The VACHS cancer care coordinator worked with the tumor registrar to generate an initial referral patient list. Patients were identified in the tumor registry who met these criteria: diagnosed with stage I lung cancer or stage I or II colorectal cancer and treated at VACHS between 2008 and 2012. Initial research showed that there were 117 patients followed in the VACHS hematology/oncology clinic in the fall of 2012 who met the criteria. At that time, 80% of the patients identified were being followed by an attending oncology physician and 20% by an oncology APRN (Table).

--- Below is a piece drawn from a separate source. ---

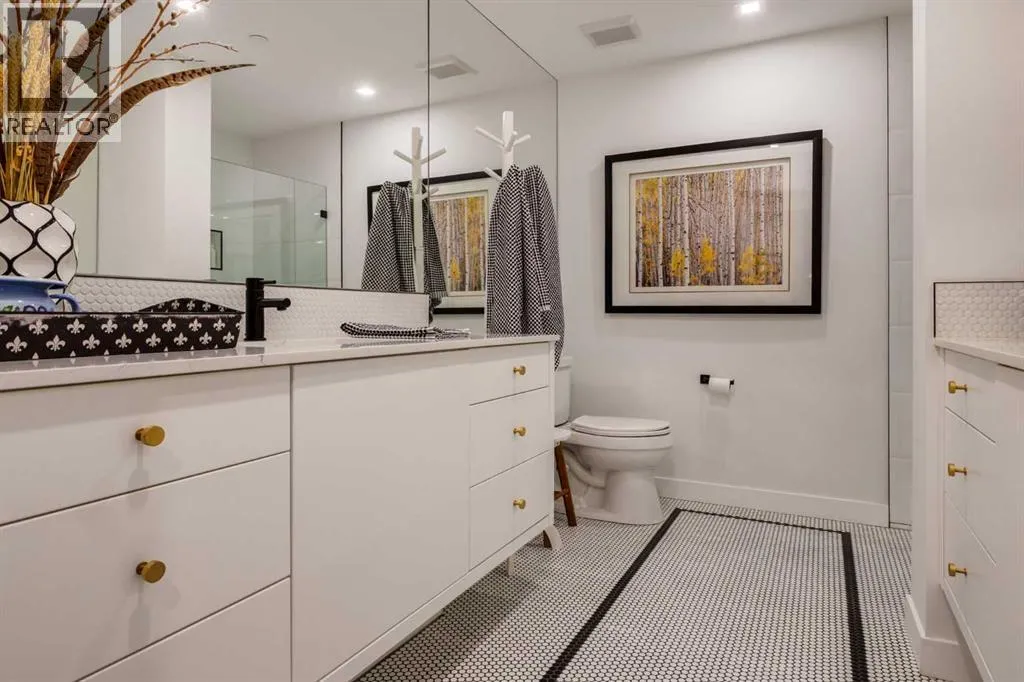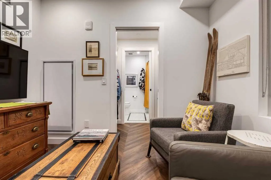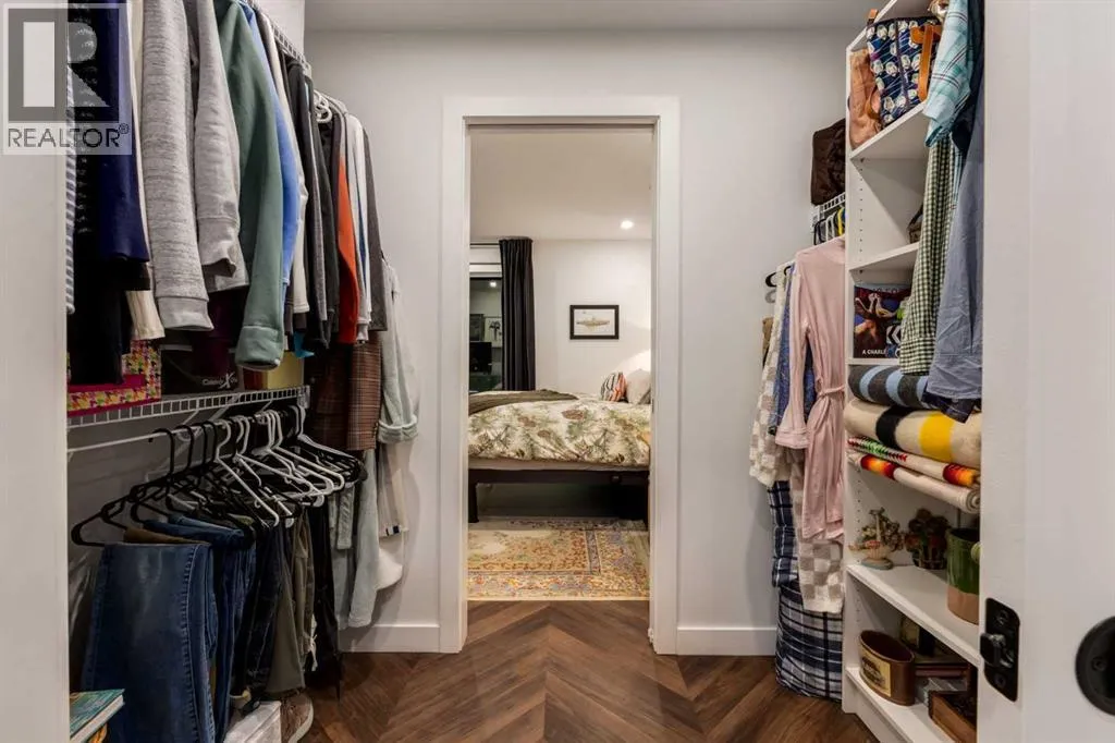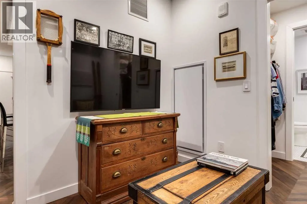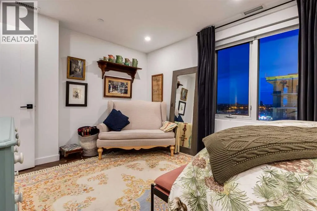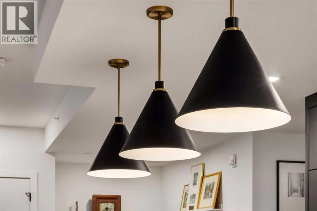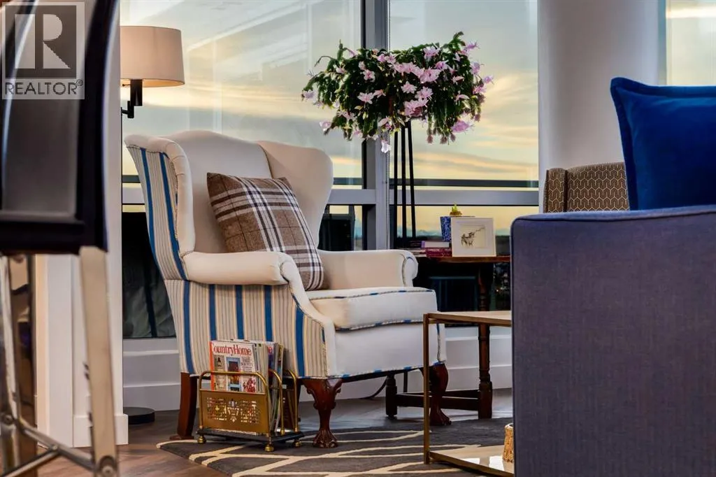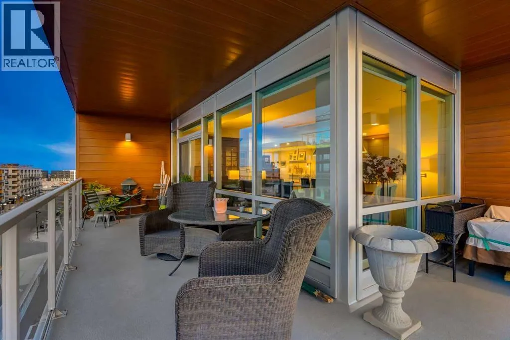 Experience elevated urban living in this warm and inviting two-bedroom residence offering over 1,100 square feet of thoughtfully designed interior space and a wraparound terrace perfect for everyday outdoor living and relaxed entertaining. Blending a cozy Ralph Laurenâinspired aesthetic with modern finishes, this home features chevron-patterned flooring, designer lighting, and flat-painted ceilings that create a timeless atmosphere throughout. The chef-inspired kitchen is the heart of the home, showcasing matte grey slate cabinetry with soft-close hardware, brushed-gold accents, quartz countertops, and a matching backsplash. Premium appliances include a Frigidaire induction cooktop, Elica hood fan, Fisher & Paykel integrated fridge and freezer, and Whirlpool oven, complemented by a deep grey Blanco sink, elegant black pendant lighting, and a spacious walk-in pantry. The open living room and dining areas are bathed in natural light from expansive windows that frame stunning mountain views, while a charming reading/coffee nook offers the perfect spot to unwind or start your day. The versatile second bedroom can easily serve as a guest room, home office, or creative space, complete with a walk-in closet and a stylish four-piece bathroom. The primary suite feels calm and comforting, with warm neutral tones, a walk-in closet, and a spa-like ensuite featuring dual vanities, quartz countertops, and a glass-enclosed shower. Additional features include a new Electrolux washer and dryer, generous linen storage, one titled underground parking stall, and two large storage units. The wraparound terrace enhances daily living with ample space for outdoor lounging and garden greenery, creating a private retreat in the heart of the city. Residents enjoy access to premium amenities including a rooftop patio, private ownerâs lounge, secure underground visitor parking, bike storage, EV charging stations, and concierge services. Ideally located in Calgaryâs West District, you are surrou nded by parks, walking paths, boutique shops, cafés, and dining options. Book your private viewing today! (id:27476)

Based on this initial analysis, the projected patient load for this clinic was anticipated to be 100 patients annually with between 2 and 4 annual visits each. Of note, in 2013 VACHS started a low-dose chest computed tomography screening program for patients who met high-risk criteria. The number of patients diagnosed and treated for stage I non-small cell lung cancer at VACHS during 2014 and 2015 was more than double the number treated in 2012.
Partnering With IT
The VACHS cancer care coordinator contacted the VISN 1 clinical application coordinator (CAC) in October 2012 who then reached out to her counterpart in Boston, where the sample CPRS template from the survivorship toolkit (toolkit template) was being tested. In November 2012, the VACHS CAC loaded the toolkit template into the test folder of the template drawer of VACHS CPRS. Changes were made over time to shorten the toolkit template to include the relevant information using the shortest number of words.
The template was modified by deleting 3 sections. The appointment list and the medication list were eliminated from the template as it was felt that these change with each visit. The psychosocial distress assessment also was eliminated as this score was known to change from visit to visit.
A separate initiative was undertaken simultaneously to address the need to monitor oncology patients for psychosocial distress regularly. Health psychology providers at VACHS used the NCCN Distress Thermometer to monitor distress in oncology patients. The team elected to take the distress assessment language out of the SCP and create a separate note template to record the distress scores for VACHS patients. The group chose the note titles Cancer Survivor Treatment Summary and Patient Distress Screening to clarify the purpose of the notes and to make searching CPRS or VistA for the note titles easier for providers or researchers.
CPRS Template Format
The VACHS team decided to create a short, clear, document that included diagnosis (date, location, pathology, staging), treatment (types, dates, locations, complications), disease-specific plan for surveillance, healthy living guidelines, and contact information for the survivorship provider.